--- Problem statement ---
Without the pictures, print the lines from the one holding "针对高功率液流电池单堆放大过" through the last line below, both included, exactly as they stand.

═════ Data shown ═════

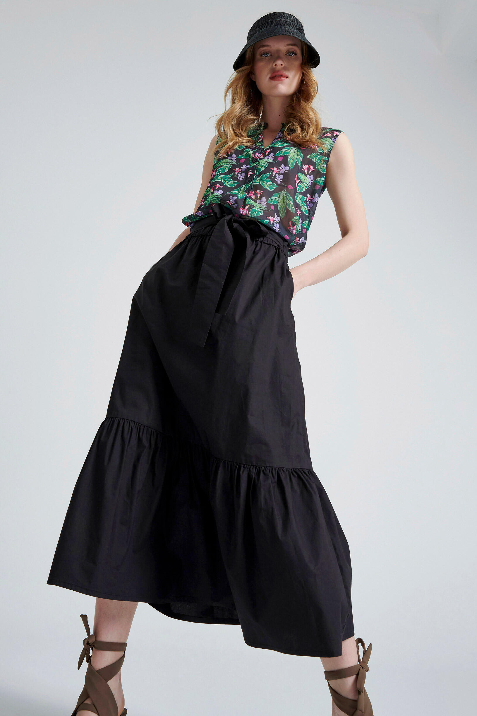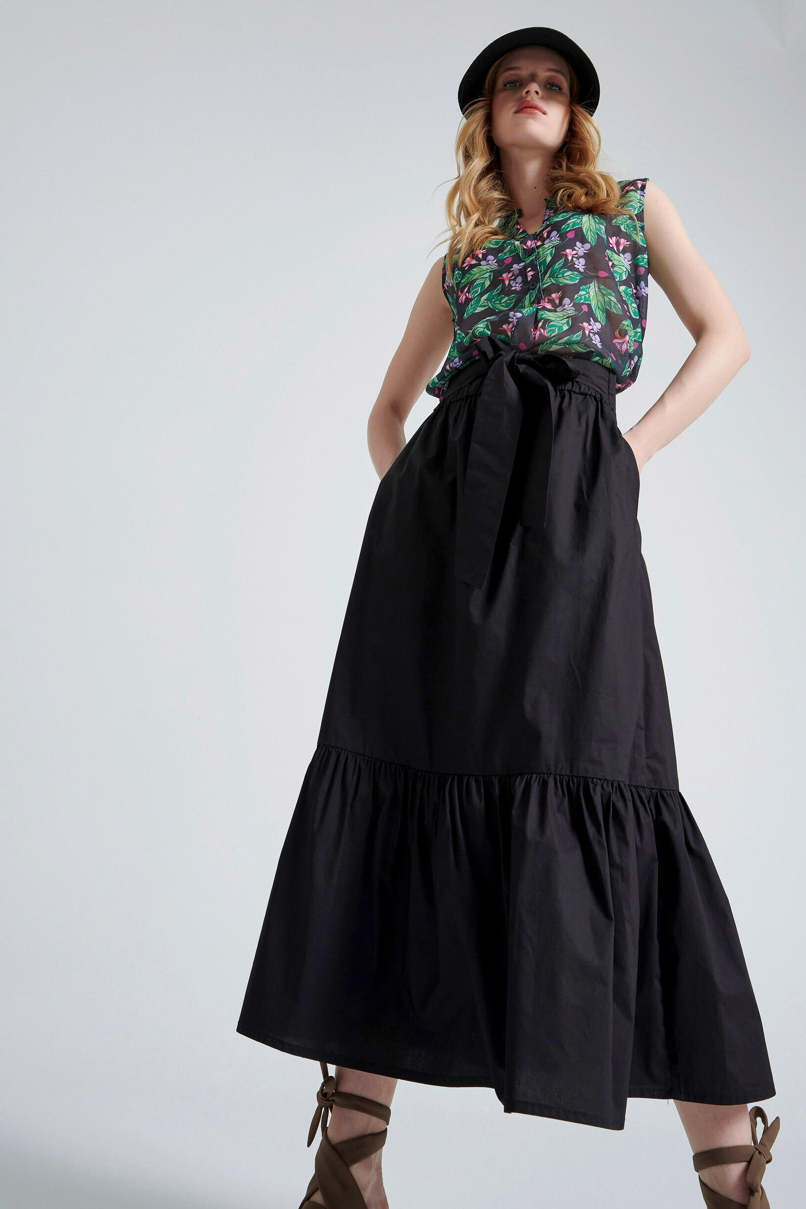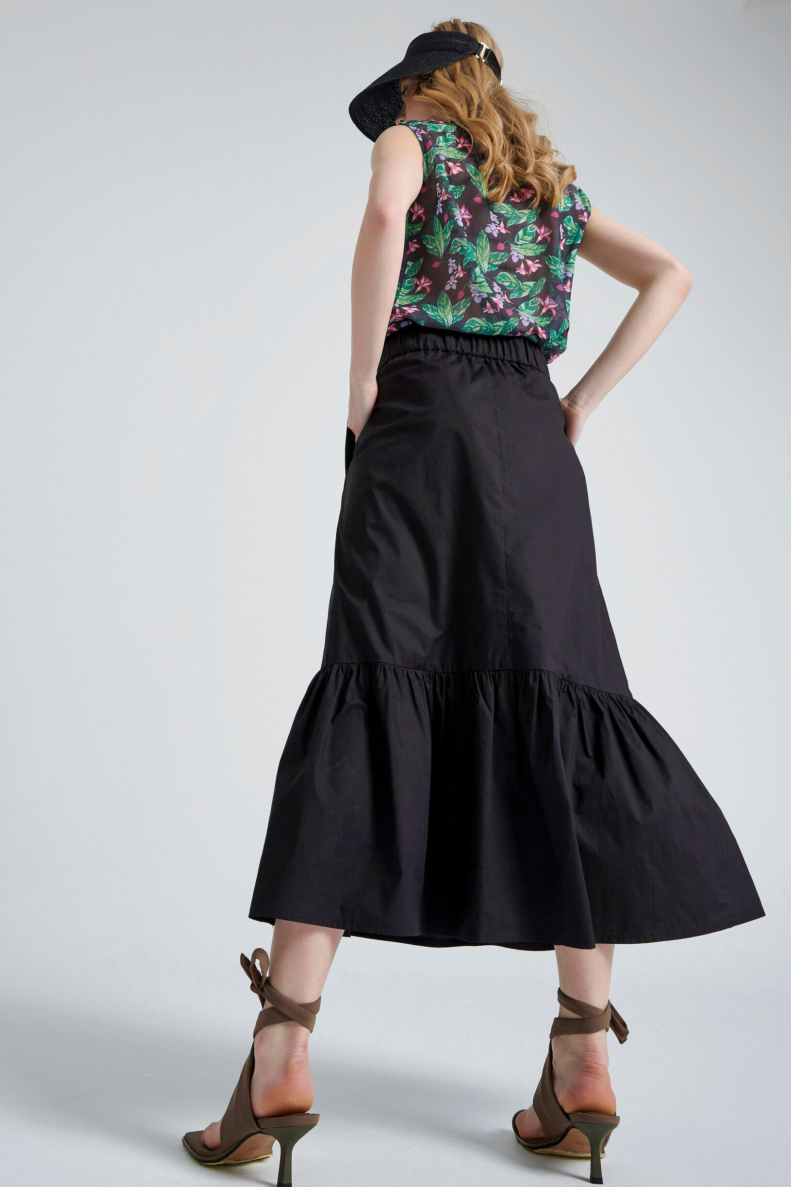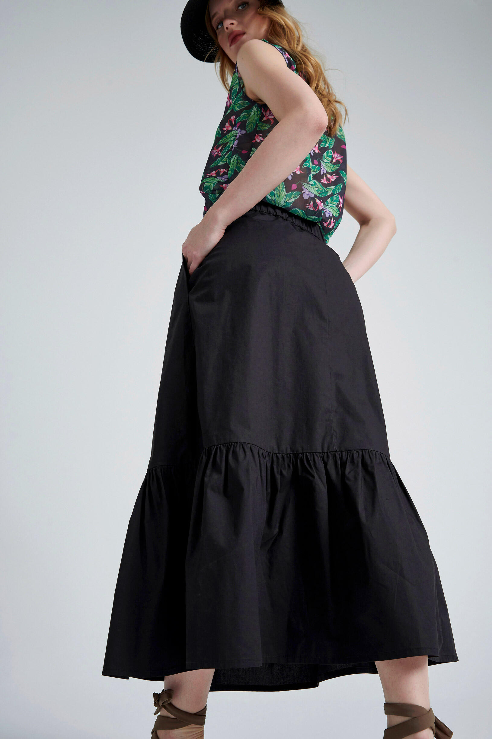 Φούστα με βολάν στο τελείωμα Κωδικός 10-180198-0 Περιγραφή Φούστα με ζώνη ίδιου υφάσματος,λάστιχο στο πίσω μέρος, βολάν στο τελείωμα. Σύνθεση 100% cotton
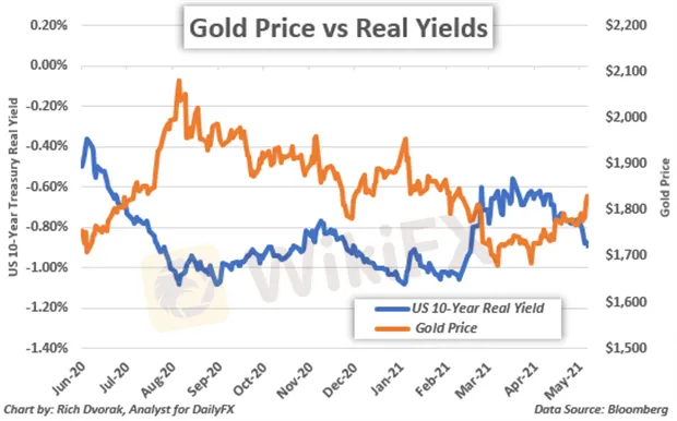 GOLD PRICE CHART WITH TEN-YEAR REAL YIELDS OVERLAID: DAILY TIME FRAME (02 JUNE 2020 TO 10 MAY 2021)
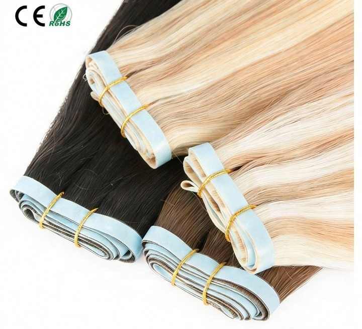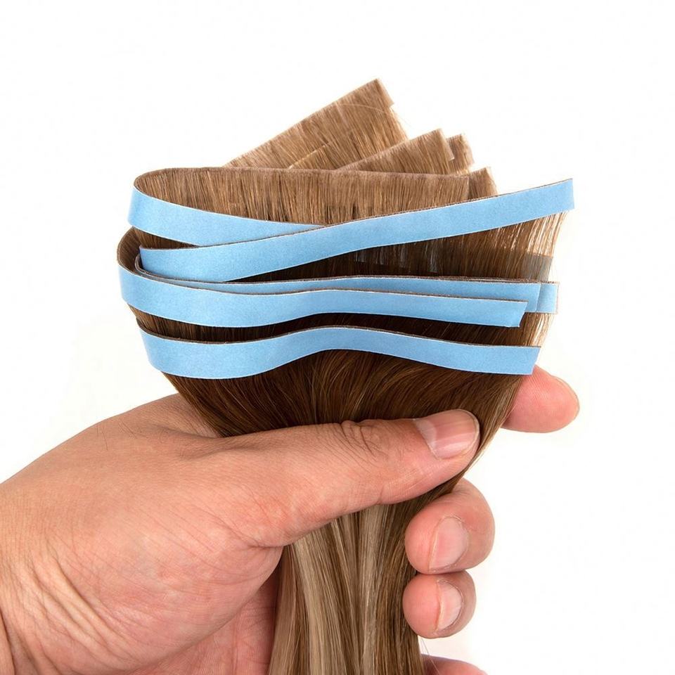 ผมต่อแท้แบบยุโรป คุณภาพสูง มองไม่เห็นรอยต่อ แบบเทปสองชั้น ย้อมสีอ่อน เนียนตรง
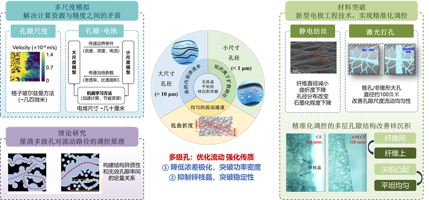 针对高功率液流电池单堆放大过程中存在的非均匀传质与多场耦合失配等工程瓶颈,浙江大学热工与动力系统研究所郑梦莲团队提出了基于功能分区的电堆结构与电极材料一体化设计方法,以高流量区域、高传质能力区域和高反应活性区域的空间重合度为核心优化目标,实现不同功能区域的差异化、定向优化。团队构建了三维多尺度仿真体系,实现了对局部性能的快速预测,并发展了基于流道和宏孔协同的流动路径主动调控技术。在此基础上,构建了大孔承载流量、双尺度小孔强化传质、界面层诱导无枝晶沉积行为的沉积型液流电池电极分区设计方案。相关电极工程设计使全钒液流电池峰值功率密度较商用产品提升约5倍,水系锌基液流电池在120mA/cm²下电压效率突破90%,并在320 mA/cm²下实现了超300圈的无枝晶稳定运行。
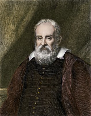 Wissenschaften und Wissenschaftler: Porträt von Galileo Galilei, italienischer Astronom (1564-1642)(Sciences and scientists: Portrait of Galileo Galilei dit Galilee, Italian astronomer (1564-1642). Colour engraving.)English School |
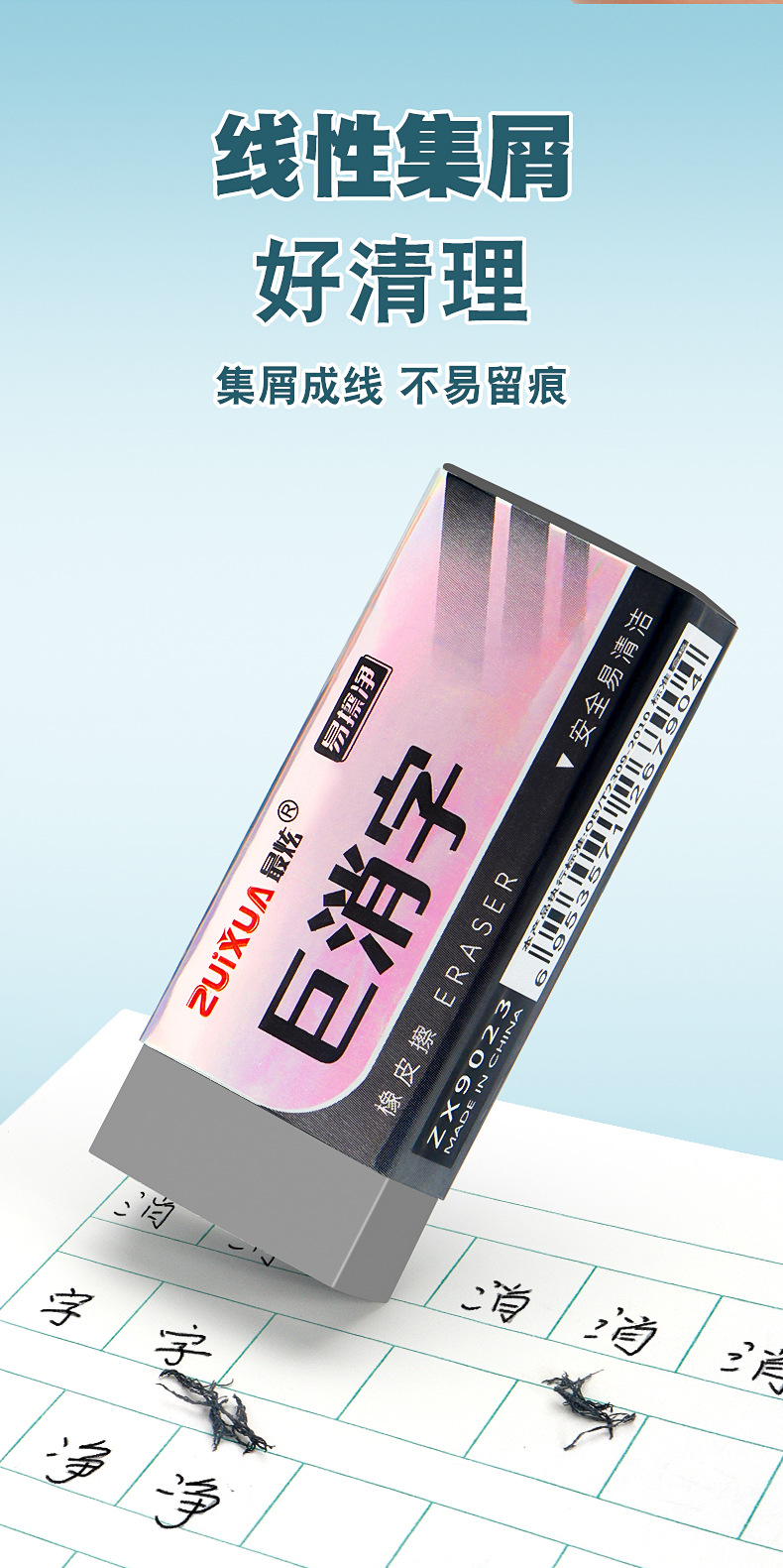 | Especificaciones | Ente aleatorio de un solo bloque de dos colores,Una goma de borrar una caja de lápices (2B),Una goma de borrar una caja de lápices (HB) |

═════

--- Answer below ---
 针对高功率液流电池单堆放大过程中存在的非均匀传质与多场耦合失配等工程瓶颈,浙江大学热工与动力系统研究所郑梦莲团队提出了基于功能分区的电堆结构与电极材料一体化设计方法,以高流量区域、高传质能力区域和高反应活性区域的空间重合度为核心优化目标,实现不同功能区域的差异化、定向优化。团队构建了三维多尺度仿真体系,实现了对局部性能的快速预测,并发展了基于流道和宏孔协同的流动路径主动调控技术。在此基础上,构建了大孔承载流量、双尺度小孔强化传质、界面层诱导无枝晶沉积行为的沉积型液流电池电极分区设计方案。相关电极工程设计使全钒液流电池峰值功率密度较商用产品提升约5倍,水系锌基液流电池在120mA/cm²下电压效率突破90%,并在320 mA/cm²下实现了超300圈的无枝晶稳定运行。
 Wissenschaften und Wissenschaftler: Porträt von Galileo Galilei, italienischer Astronom (1564-1642)(Sciences and scientists: Portrait of Galileo Galilei dit Galilee, Italian astronomer (1564-1642). Colour engraving.)English School |
 | Especificaciones | Ente aleatorio de un solo bloque de dos colores,Una goma de borrar una caja de lápices (2B),Una goma de borrar una caja de lápices (HB) |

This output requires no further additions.